Input                -> Output
DDDD                 -> 1
UUUU                 -> 1
DDUDDUDD             -> 1
DDUUUUDDUUDD         -> 1
LRRDDLLDDRLRR        -> 2
LDDRRLLUURRUULL      -> 2
RRDDLLRRDDLL         -> 3
LLRRUULLRLRRUUDULL   -> 3
LUUDDRRUUDDDD        -> 4
DDLLUUDDRRDD         -> 4
LLDDRRDDLL           -> 5
DLLRRUULLUURRLLRR    -> 5
RRDDLLUUUURR         -> 6
LLUURRDDUULLUURR     -> 6
RRDDLLUURRDDLLUUUURR -> 6
RRDDDD               -> 7
LLRRDDDD             -> 7
LUURRDDDDLLU         -> 8
RUULLUURRDDLLDD      -> 8
RRDDLLUURRDDDDLL     -> 9
DUDLRLLRRUULLRRUULLD -> 9
RRUUUULLDDD          -> 0
UUUUDDDDRRUUUULRDDDD -> 0

Also in list form:

[['DDDD', 1], ['UUUU', 1], ['DDUDDUDD', 1], ['DDUUUUDDUUDD', 1], ['LRRDDLLDDRLRR', 2], ['LDDRRLLUURRUULL', 2], ['RRDDLLRRDDLL', 3], ['LLRRUULLRLRRUUDULL', 3], ['LUUDDRRUUDDDD', 4], ['DDLLUUDDRRDD', 4], ['LLDDRRDDLL', 5], ['DLLRRUULLUURRLLRR', 5], ['RRDDLLUUUURR', 6], ['LLUURRDDUULLUURR', 6], ['RRDDLLUURRDDLLUUUURR', 6], ['RRDDDD', 7], ['LLRRDDDD', 7], ['LUURRDDDDLLU', 8], ['RUULLUURRDDLLDD', 8], ['RRDDLLUURRDDDDLL', 9], ['DUDLRLLRRUULLRRUULLD', 9], ['RRUUUULLDDD', 0], ['UUUUDDDDRRUUUULRDDDD', 0]]

Scoring

Shortest code in bytes wins.

Answer 1

JavaScript (Node.js),  89 ... 77  71 bytes

Saved 6 bytes by using the modulo chain provided by @KjetilS.

s=>Buffer(s).map(c=>o|=p*=4**(c%5)/8,o=p=4**8)|(o/=o&-o)*321%3081%53%11

Try it online!

How?

We take the ASCII code \$c\$ of the direction character modulo \$5\$ to map it to an index in \$\{0,1,2,3\}\$.

For each direction, we update a bit mask \$p\$ by shifting it by a specific amount and mark the bits that are visited in another bit mask \$o\$.

 char. | ASCII | mod 5 | shift
-------+-------+-------+-------
  'U'  |   85  |   0   | >> 3
  'L'  |   76  |   1   | >> 1
  'R'  |   82  |   2   | << 1
  'D'  |   68  |   3   | << 3

Conveniently, the shift is equivalent to multiply \$p\$ by:

$$\frac{4^{(c\bmod 5)}}{8}$$

We start with both \$p\$ and \$o\$ set to \$4^8=2^{16}\$. This value is safe because we will never right-shift by more than \$4\times 3 + 2\times 1=14\$ (e.g. with "UUUULL", which draws a \$7\$, or any other path going from the bottom-right to the top-left corner).

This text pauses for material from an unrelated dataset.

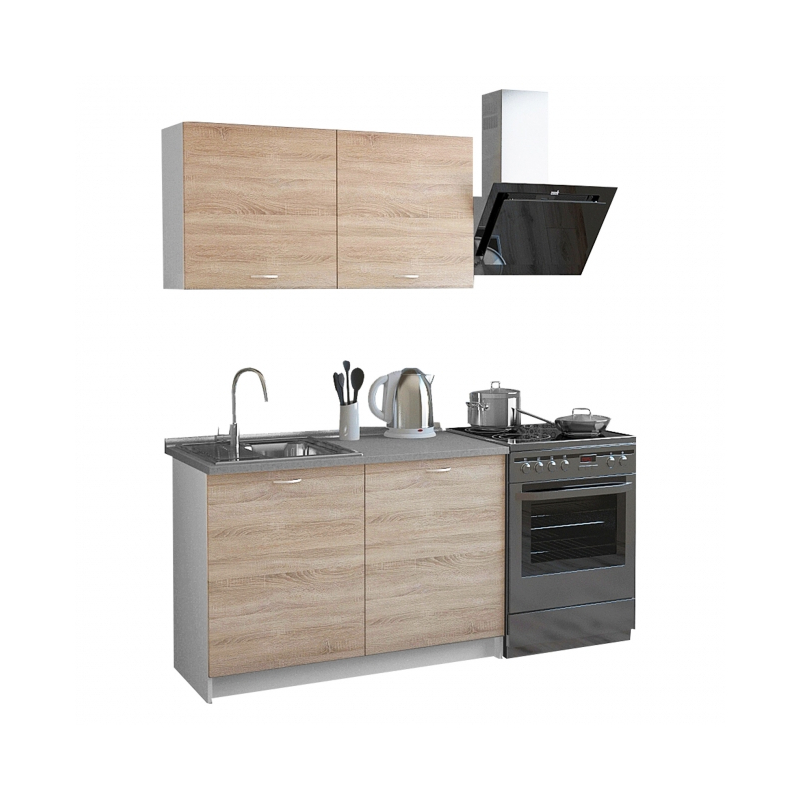 Σύνθεση Κουζίνας, σε απόχρωση sonama - λευκό  120x46-29,2εκ.  Οι έτοιμες συνθέσεις κουζίνας καλύπτουν τις βασικές ανάγκες του χώρου σας, κυρίως αν χρειάζεστε μια μικρή κουζίνα με όλο τον απαραίτητο αποθηκευτικό χώρο.  Αν αναζητάτε μια οικονομική λύση, σε μικρή, ευθεία κουζίνα, κατασκευασμένη από εξαιρετικής ποιότητας μελαμίνη, πάχους 16mm, με κλειστούς αποθηκευτικούς χώρους, ντουλάπια, στα οποία μπορείτε να αποθηκεύσετε όλα τα είδη σερβιρίσματος και τα σκεύη κουζίνας,  τότε έχετε βρει το κατάλληλο προϊόν.  Το προϊόν αποτελεί μια ιδανική πρόταση για ενοικιαζόμενα δωμάτια, ξενοδοχεία, γραφεία, επαγγελματικούς χώρους και φοιτητικές ή εξοχικές κατοικίες.  Γενικές διαστάσεις επιτοίχιας μονάδας: 120x29,2x59,4Υ εκ.  Γενικές διαστάσεις επιδαπέδιας μονάδας: 120x46x81,8Υ εκ. Διαστάσεις αριστερού ντουλαπιού: 60x46x71,8Υ εκ. Διαστάσεις δεξιού ντουλαπιού: 60x46x71,8Υ εκ. Ύψος μπάζας: 10 εκ. Ο πάγκος του διπλού ντουλαπιού δεν συμπεριλαμβάνεται.  Πάχος μελαμίνης: 16 mm. Ευρωπαϊκής προέλευσης και κατασκευής   * Δεν συμπεριλαμβάνονται οι ηλεκτρικές συσκευές, ο νεροχύτης, ο πάγκος και τα σκεύη κουζίνας. * Προτείνεται πάγκος 120x60 εκ. με νεροχύτη ένθετο.

Likewise, we will never left-shift by more than \$14\$ and never exceed \$2^{30}\$. So, both \$p\$ and \$o\$ remain 32-bit values.

Because we don't know which cell in the digit was our starting point, we normalize the final value of \$o\$ by removing all trailing zeros:

o /= o & -o

We end up with a unique 15-bit key identifying the digit.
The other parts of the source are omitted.